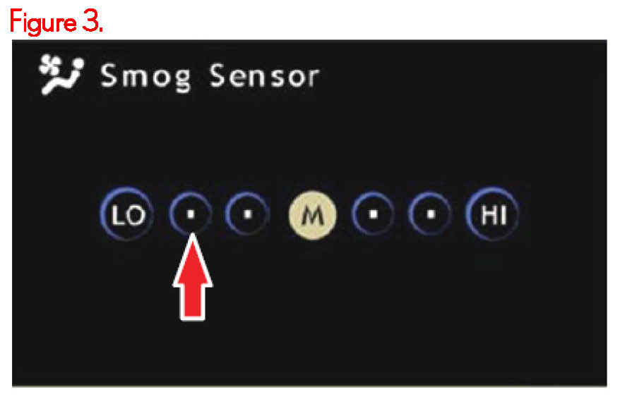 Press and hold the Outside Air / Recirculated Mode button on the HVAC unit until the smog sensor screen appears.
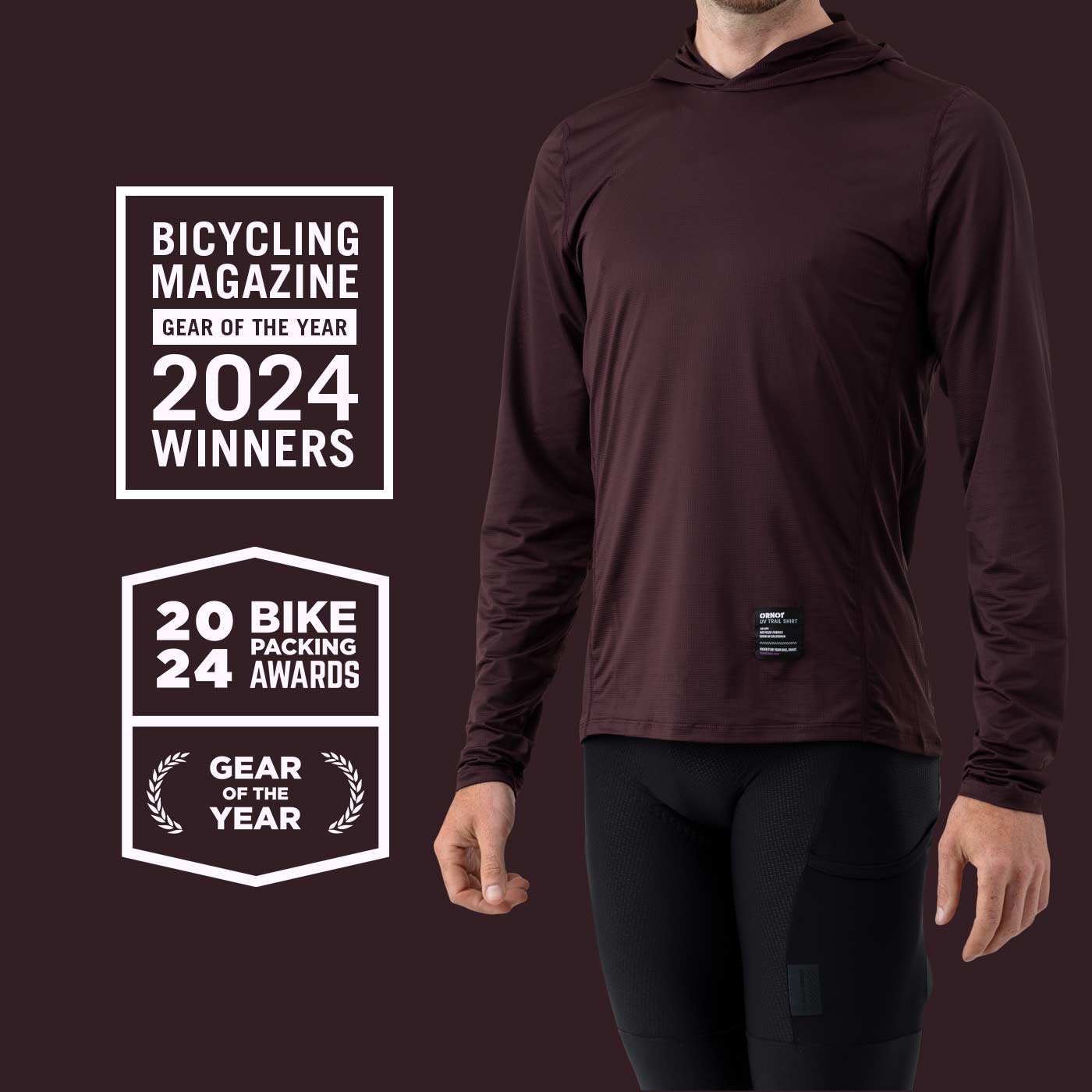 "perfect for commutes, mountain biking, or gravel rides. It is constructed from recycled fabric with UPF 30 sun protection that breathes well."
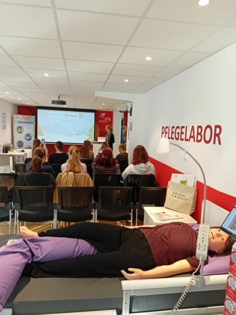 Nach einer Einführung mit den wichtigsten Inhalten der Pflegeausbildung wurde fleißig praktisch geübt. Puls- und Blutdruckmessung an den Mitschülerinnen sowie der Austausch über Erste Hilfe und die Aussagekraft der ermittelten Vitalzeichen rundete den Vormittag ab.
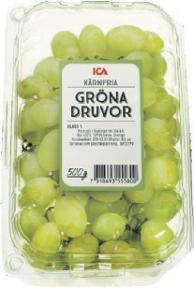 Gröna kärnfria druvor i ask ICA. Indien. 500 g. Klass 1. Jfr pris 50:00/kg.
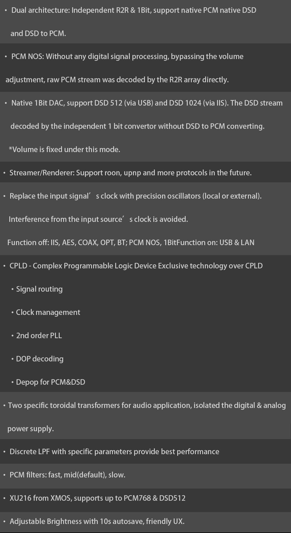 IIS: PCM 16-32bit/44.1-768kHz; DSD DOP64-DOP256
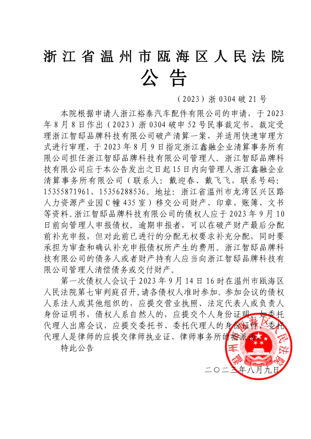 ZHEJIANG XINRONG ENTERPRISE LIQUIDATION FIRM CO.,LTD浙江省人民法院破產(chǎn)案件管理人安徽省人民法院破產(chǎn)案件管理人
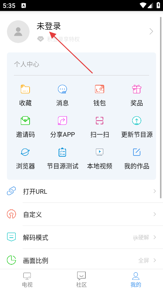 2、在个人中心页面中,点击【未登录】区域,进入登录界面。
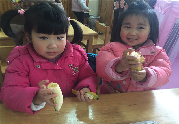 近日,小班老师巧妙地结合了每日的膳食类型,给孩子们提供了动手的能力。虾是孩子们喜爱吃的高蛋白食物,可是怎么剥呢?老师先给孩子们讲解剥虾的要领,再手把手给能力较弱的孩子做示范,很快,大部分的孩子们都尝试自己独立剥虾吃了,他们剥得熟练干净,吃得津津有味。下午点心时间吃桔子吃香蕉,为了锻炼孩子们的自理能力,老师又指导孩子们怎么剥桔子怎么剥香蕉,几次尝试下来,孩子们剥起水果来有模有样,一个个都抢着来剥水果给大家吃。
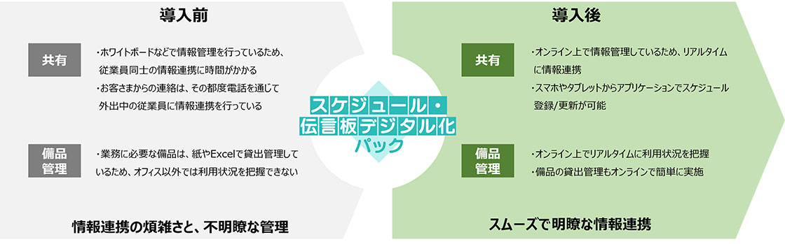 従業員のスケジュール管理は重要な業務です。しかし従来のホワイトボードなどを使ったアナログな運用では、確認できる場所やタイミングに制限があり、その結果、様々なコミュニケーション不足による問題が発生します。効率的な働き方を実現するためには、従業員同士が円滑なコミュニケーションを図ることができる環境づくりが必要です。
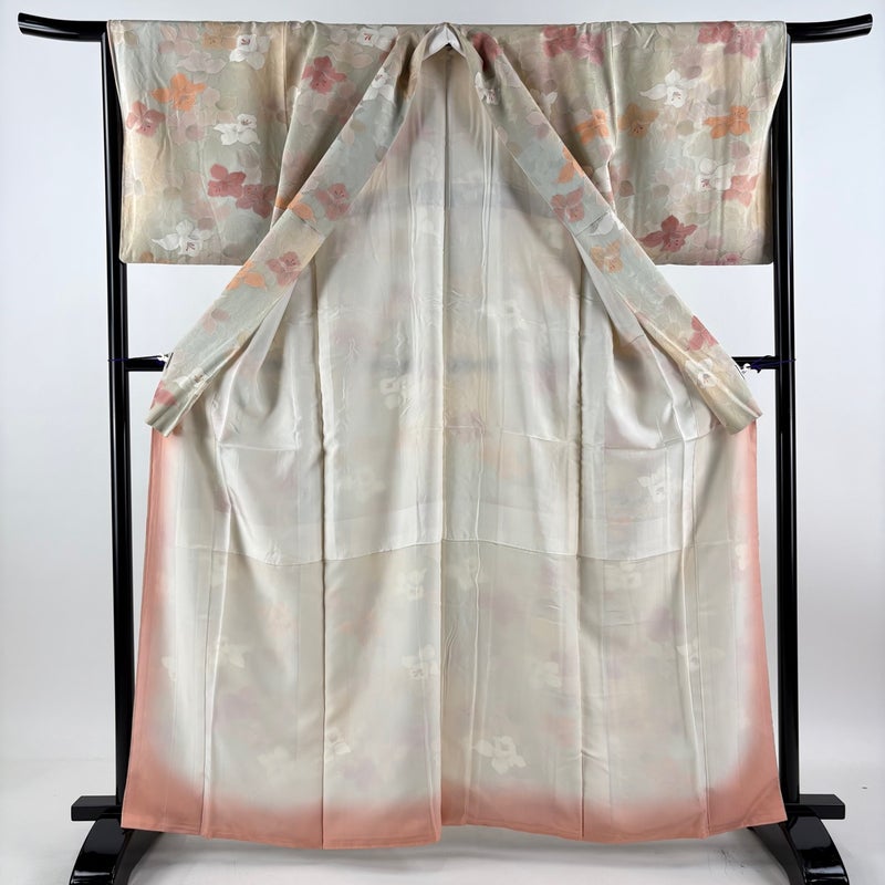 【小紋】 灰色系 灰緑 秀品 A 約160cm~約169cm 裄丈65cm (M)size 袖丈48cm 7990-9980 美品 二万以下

...

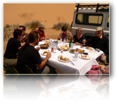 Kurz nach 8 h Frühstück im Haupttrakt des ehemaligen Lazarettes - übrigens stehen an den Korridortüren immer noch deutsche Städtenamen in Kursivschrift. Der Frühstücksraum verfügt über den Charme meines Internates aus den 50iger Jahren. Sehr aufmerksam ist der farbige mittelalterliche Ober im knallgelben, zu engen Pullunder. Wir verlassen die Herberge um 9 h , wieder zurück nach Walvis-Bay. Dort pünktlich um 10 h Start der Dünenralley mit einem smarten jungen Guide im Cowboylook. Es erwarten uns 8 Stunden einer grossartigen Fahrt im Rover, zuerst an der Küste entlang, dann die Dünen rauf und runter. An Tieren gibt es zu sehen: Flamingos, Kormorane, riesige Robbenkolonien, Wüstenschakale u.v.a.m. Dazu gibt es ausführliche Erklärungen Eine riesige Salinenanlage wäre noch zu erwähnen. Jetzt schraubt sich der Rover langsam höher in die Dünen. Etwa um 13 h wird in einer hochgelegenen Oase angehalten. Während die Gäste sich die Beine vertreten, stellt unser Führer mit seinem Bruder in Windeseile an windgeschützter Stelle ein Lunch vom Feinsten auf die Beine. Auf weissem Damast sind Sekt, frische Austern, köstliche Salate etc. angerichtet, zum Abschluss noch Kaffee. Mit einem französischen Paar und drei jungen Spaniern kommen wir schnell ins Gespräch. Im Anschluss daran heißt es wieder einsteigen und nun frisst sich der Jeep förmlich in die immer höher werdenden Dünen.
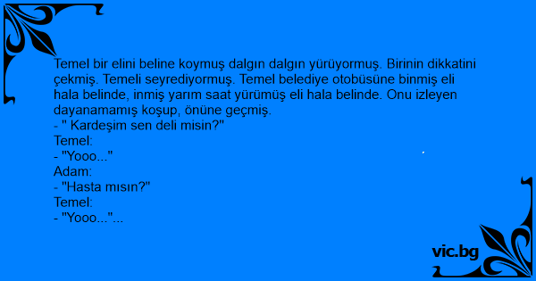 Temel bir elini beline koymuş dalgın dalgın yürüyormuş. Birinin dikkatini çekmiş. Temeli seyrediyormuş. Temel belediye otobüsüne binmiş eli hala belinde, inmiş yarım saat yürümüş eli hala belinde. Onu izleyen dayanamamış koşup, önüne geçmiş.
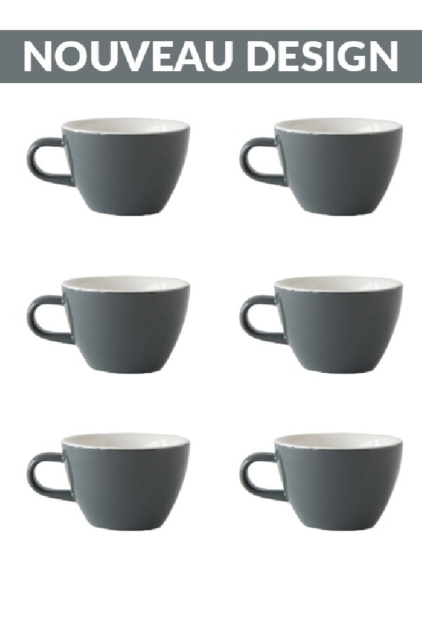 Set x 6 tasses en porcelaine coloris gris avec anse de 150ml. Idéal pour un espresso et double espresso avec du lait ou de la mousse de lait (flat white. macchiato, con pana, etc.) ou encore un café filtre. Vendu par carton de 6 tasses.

*Exercise instructions*.
In the listing above, the required lines run from the line with "Press and hold" through the line with "7990-9980 美品 二万以下". Output exactly those lines, omitting pictures.

*Problem solution*.
 Press and hold the Outside Air / Recirculated Mode button on the HVAC unit until the smog sensor screen appears.
 "perfect for commutes, mountain biking, or gravel rides. It is constructed from recycled fabric with UPF 30 sun protection that breathes well."
 Nach einer Einführung mit den wichtigsten Inhalten der Pflegeausbildung wurde fleißig praktisch geübt. Puls- und Blutdruckmessung an den Mitschülerinnen sowie der Austausch über Erste Hilfe und die Aussagekraft der ermittelten Vitalzeichen rundete den Vormittag ab.
 Gröna kärnfria druvor i ask ICA. Indien. 500 g. Klass 1. Jfr pris 50:00/kg.
 IIS: PCM 16-32bit/44.1-768kHz; DSD DOP64-DOP256
 ZHEJIANG XINRONG ENTERPRISE LIQUIDATION FIRM CO.,LTD浙江省人民法院破產(chǎn)案件管理人安徽省人民法院破產(chǎn)案件管理人
 2、在个人中心页面中,点击【未登录】区域,进入登录界面。
 近日,小班老师巧妙地结合了每日的膳食类型,给孩子们提供了动手的能力。虾是孩子们喜爱吃的高蛋白食物,可是怎么剥呢?老师先给孩子们讲解剥虾的要领,再手把手给能力较弱的孩子做示范,很快,大部分的孩子们都尝试自己独立剥虾吃了,他们剥得熟练干净,吃得津津有味。下午点心时间吃桔子吃香蕉,为了锻炼孩子们的自理能力,老师又指导孩子们怎么剥桔子怎么剥香蕉,几次尝试下来,孩子们剥起水果来有模有样,一个个都抢着来剥水果给大家吃。
 従業員のスケジュール管理は重要な業務です。しかし従来のホワイトボードなどを使ったアナログな運用では、確認できる場所やタイミングに制限があり、その結果、様々なコミュニケーション不足による問題が発生します。効率的な働き方を実現するためには、従業員同士が円滑なコミュニケーションを図ることができる環境づくりが必要です。
 【小紋】 灰色系 灰緑 秀品 A 約160cm~約169cm 裄丈65cm (M)size 袖丈48cm 7990-9980 美品 二万以下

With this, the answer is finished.